Сказал так и чем-то намазал ему глаза. Царь с трудом разлепил веки – перед ним оказалась лохань, обвязанная ссученной вервью. В ней лежал издыхающий чумной, в коростах безобразных, с уст и тела струился гной.

– Да, вид мерзостный, – согласился рус. – Зри, что ждёт тебя, коль покусишься на святыни, – сия лохань. Философ не учил, я преподам урок. Запомни, царь: яд всегда слаще и приглядней. Противоядие срамно и горько…

И щедрой рукой зачерпнув гноя, поднёс к его устам…

– На вот, вкуси бальзам…

3. Эпирская жена Миртала

Филипп почти исторг из обычаев придворных грубые варварские нравы и пристрастия, изжил множество привычек и обрядов, доставшихся в наследство от прежних царей Македонии. В первую очередь избавил Пеллу от последних тайных храмов, где служили и воздавали жертвы старым богам, на их месте воздвигнув греческие, а тех, кто не отрёкся и на своём стоял, облагал налогом, особо ярых поборников древней веры лишал имущества и, невзирая на вельможность, заслуги прежние в ратных или иных трудах, изгонял прочь. В первые три года царствования, издавая строгие указы и декреты, он запретил ношение портков, рубах, валяных шапок, кожаных сапог и прочего македонского платья, велев переодеться в хитоны, гиматии и сандалии. И только рабам позволил донашивать старые наряды, чтобы сразу было видно невольников и господ. Филипп потратил пять шестых казны, чтобы купить в Спарте одежду, снаряжение, доспехи для войска! А всем портным, кожевникам и бронникам впредь велел кроить, шить и точать всё это по спартанскому подобию. Хотя по образу спартанцев содержать полки он не отважился, опасаясь ропота и бунтов: с голыми коленями, без портков и в сандалиях ратники зябли и страдали в заснеженных горах Иллирии и Фракии. Однако скоро привыкали, ибо по своей варварской природе отличались выносливостью и терпением.

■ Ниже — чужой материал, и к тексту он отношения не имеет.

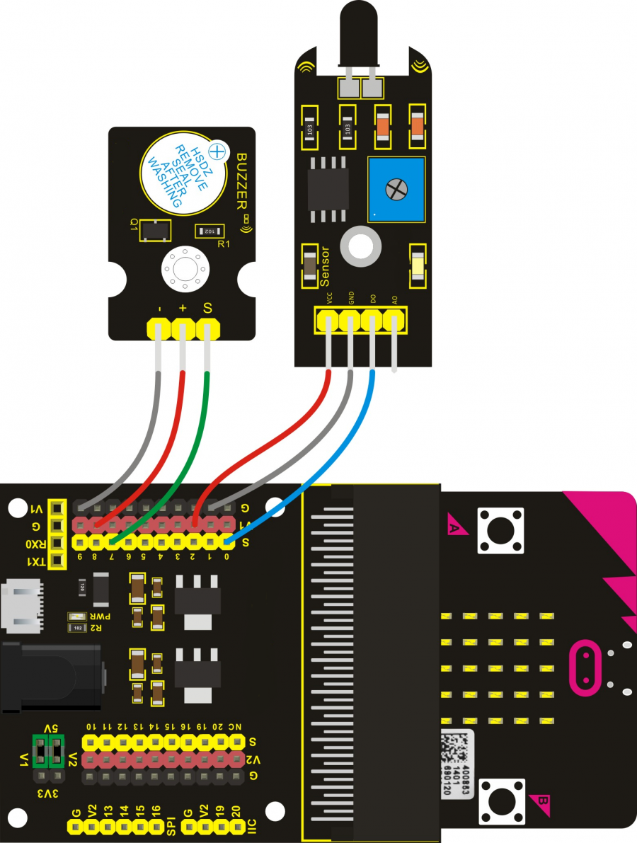 El sensor de llama permite detectar fuego u otras fuentes lumínicas con una longitud de onda comprendida entre los 760 nm y los 1100 nm. Su ángulo de detección es de 60º, pero se puede regular el potenciómetro incorporado para mejorar la precisión. Como en una práctica anterior, vamos a ver cómo utilizar este sensor para que el zumbador emita una señal en caso de detectar una llama.
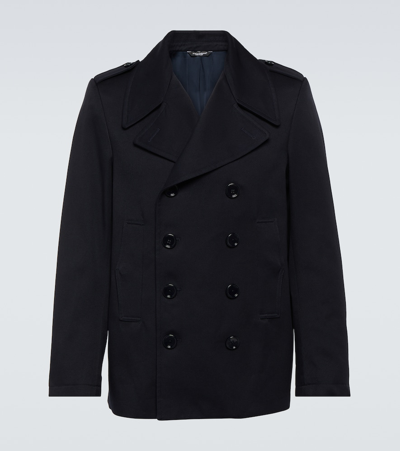 Double-breasted Peacoat Featuring Notched Lapels In Blue

В ответ на это царь щадил своё воинство, не замышлял зимой походов или летом, высоко в горах, и послаблял, давая право в лютую стужу спать с конями и от них греться.

Труднее всего оказалось исторгнуть варварскую речь из уст македонцев, заставив говорить на греческом. А более того – изменить строй и образ мыслей, извести дух прошлого, понудить думать и наслаждаться всем тем, что ценно и неоспоримо во всех полисах Эллады. Многие цари, всяк в своё время, пытались вразумить подданных, насытить их желанием последовать примеру эллинов и отказаться от ветхих правил. Взойдя на престол, Филипп не первым был, кто мыслил перевоплотить их нрав, ибо ещё при царствовании брата своего Пердикки содержался в Фивах заложником его и там испытал весь благородный смысл Греции и всецело им проникся. Да и брат в том преуспел, призвав к себе философов, поэтов и геометров, полагая, что македонцы, позрев высокое искусство, сами потянутся ко благам просвещения и припадут к сему источнику. Однако же просчитался: даже придворные, на службе изображая преданность богам Эллады и щеголяя в гиматиях, в домах своих тайно поклонялись Разу и обряжались в порты из рыбьих шкур, кляня при сём эллинские обычаи. След было бы брату выжигать железом подобное зло лицемерия, однако же Пердикка его сносил и вскорости убит был иллирийцами, которые потешались над македонцами за их пристрастие к иноземным нравам.

 

Филипп, низвергнув своего племянника Аминту, при котором был опекуном, сам сел на трон и три первых года, уподобясь искусному каменотесу, безжалостно отсекал от Македонии всё лишнее и непотребное, ваяя эллинский прообраз. Первым делом он отомстил за брата, покорив Иллирию, продал в рабство значительный полон из её знати, а царевну Аудату взял наложницей. И поначалу содержал её вместе с иными рабынями, чтобы унизить, и не мыслил приближать к себе, тем более на ней жениться.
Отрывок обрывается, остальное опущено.